В сцене с Офелией Охлопковым была разработана целая партитура игры с белым газовым шарфом. Гамлет брал из ее рук легкий как пух шарф, держал, баюкая на вытянутых руках, подбрасывал его, любовался им. Затем этот шарф-символ работал в сцене похорон Офелии. Гамлет доставал его из могилы и, подняв над головой, говорил знаменитое: «Я так ее любил, как сорок тысяч братьев любить не могут!» Мы с Кашкиным не решились отменить шарф совсем — это было уже вне нашей компетенции, — но играл я с ним в обоих случаях кратко и старался не акцентировать внимания на этой режиссерской находке.
Я решил в принципе, насколько это было возможно, не вписываться в декорации Рындина, а работать как бы в полемике с ними. Отыгрывать от противного пышное, помпезное оформление, которое давит на человека, раздражает его. Разумеется, играл я без парика, в современной стрижке. Искал, где это было возможно, резкие, «хулиганские» ходы — например, ерничал с Полонием:
— «Видите то облачко, похожее на верблюда?»

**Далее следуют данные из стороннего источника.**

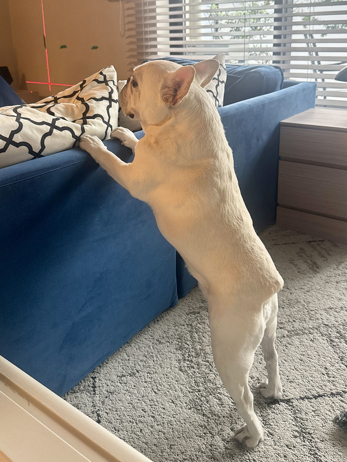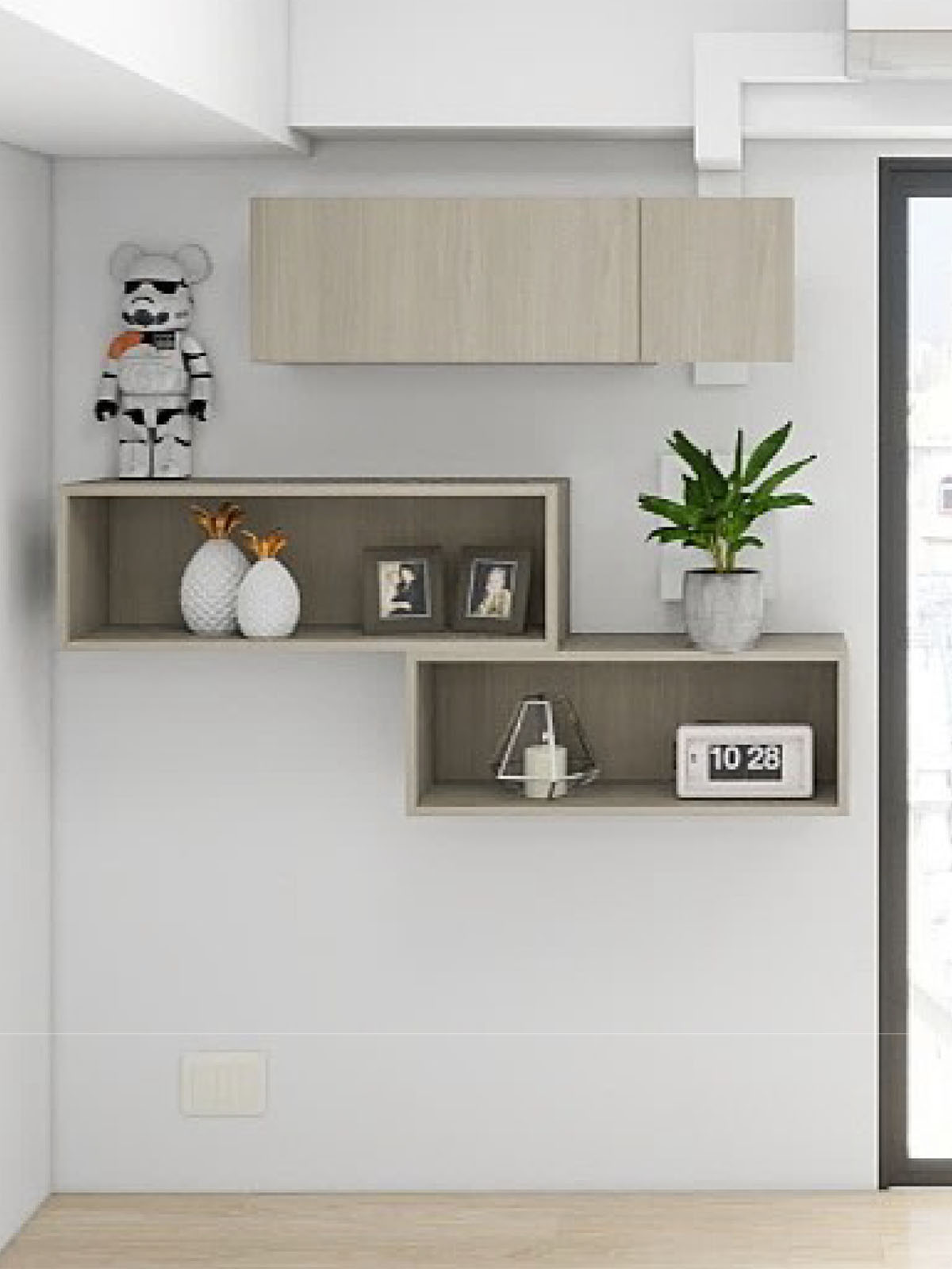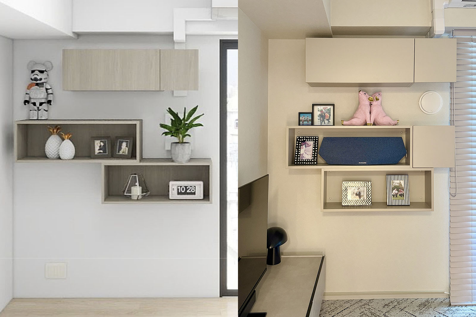 棚板のカラーも違う。最初はグレーアッシュの木目で提案してもらっていたが、飾りで物を色々置くことや、カーペットに柄が入っていることとかち合わないよう、実際は無地のマットグレーにしてもらった。写真は照明の関係でベージュに見えている。
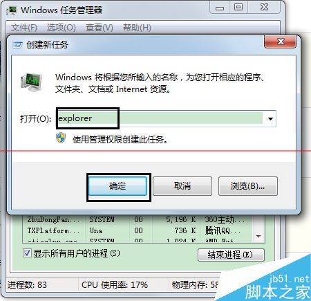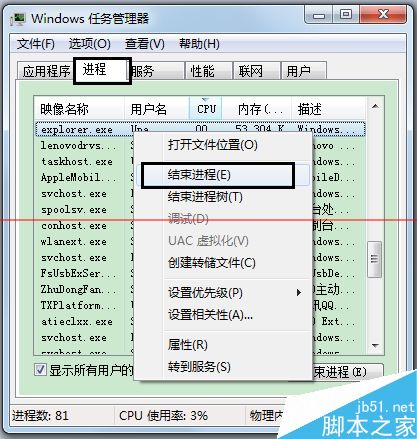 7、然后在任务管理器下找到“进程”选项卡,结束explorer.exe进程,
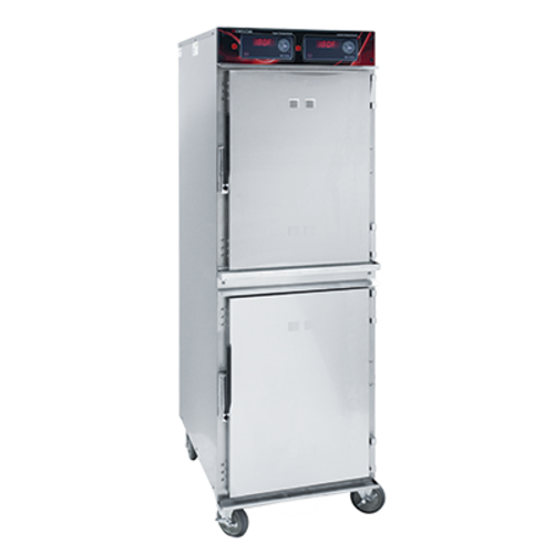 Heated Cabinet, Mobile, two compartment, radiant, insulated, top-mount heater assembly, (16) 18" x 26" or (32) 12" x 20" pan capacity, adjustable pan slides on 1-1/2" centers, (2) independent deluxe solid state electronic controls, LED digital displays, field reversible dutch doors, magnetic anti-microbial latches, stainless steel construction, (4) 5" swivel casters (2) with brakes, CSA-Sanitation, cCSAus
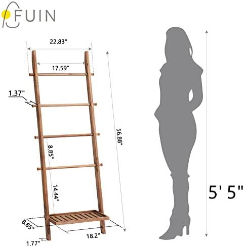 FUIN 5ft Wood Blanket Ladder with Bottom Shelf Decorative Wall Leaning Towel Rack Bathroom Storage Quilt Display Holder Rustic Farmhouse, Light Brown

— «Да, принц, точь-в-точь верблюд».
— «А по-моему, оно похоже на кита».
— «В самом деле, принц».
И уже только после этого — резко, с болью:
— «Они меня с ума сведут!..»
В сцене перед «Мышеловкой», перед приходом короля с Гертрудой, я говорил Горацио: «Они идут: мне надо быть безумным» — и затем ложился на пол, задрав ноги, как это мог бы сделать шут Йорик. Король в присутствии придворных натыкался на непристойную позу и, отыграв «оценку», обращался с вопросом:
— «Как поживает наш племянник Гамлет?»
— «Питаюсь воздухом, пичкаюсь обещаниями: так не откармливают и каплунов».
— «Эти слова не мои».
— «Да, и не мои больше», — говорил я, «раздувал» сказанное по ветру, опять же как это мог бы сделать Йорик, мотал головой, чтобы зазвенели несуществующие бубенчики на шутовском колпаке.
Что-то нашлось в процессе репетиций с Кашкиным за два с половиной месяца, которые мне выпали для работы над ролью, что-то рождалось потом за три сезона, когда я играл эту самую замечательную роль из всех существующих на свете. И теперь, спустя двадцать с лишним лет, мне еще снятся актерские сны: я играю Гамлета по ночам в сюрреалистической трансформации, которая каждый раз — иная… Я думаю, я уверен, больше того, я знаю, что каждый актер, соприкасавшийся с этой ролью, будет ее проигрывать во сне и наяву до конца дней своих, даже если другие роли принесут ему большую славу. В ней квинтэссенция мыслей о сути человеческого бытия. «И в гибели воробья есть особый промысел. Если теперь, так, значит, не потом; если не потом, так, значит, теперь; если не теперь, то все равно когда-нибудь… Раз ни один человек не знает, с чем он расстается, то не все ли равно — расстаться рано? Пусть будет». А если так, стоит ли тосковать и впадать в греховное уныние по всевозможным поводам? «Природа любой тоски человека — тоска по физическому бессмертию», — сказал древний философ. Вот Гамлет и называет человека «квинтэссенцией праха», печально-иронически задумывается о великих мира сего: быть может, Александр Македонский после смерти станет затычкой в винной бочке, а Цезарю суждено стать замазкою в щели. Он сокрушается:
— «Как радостно смотрит моя мать, а нет и двух часов, как умер мой отец».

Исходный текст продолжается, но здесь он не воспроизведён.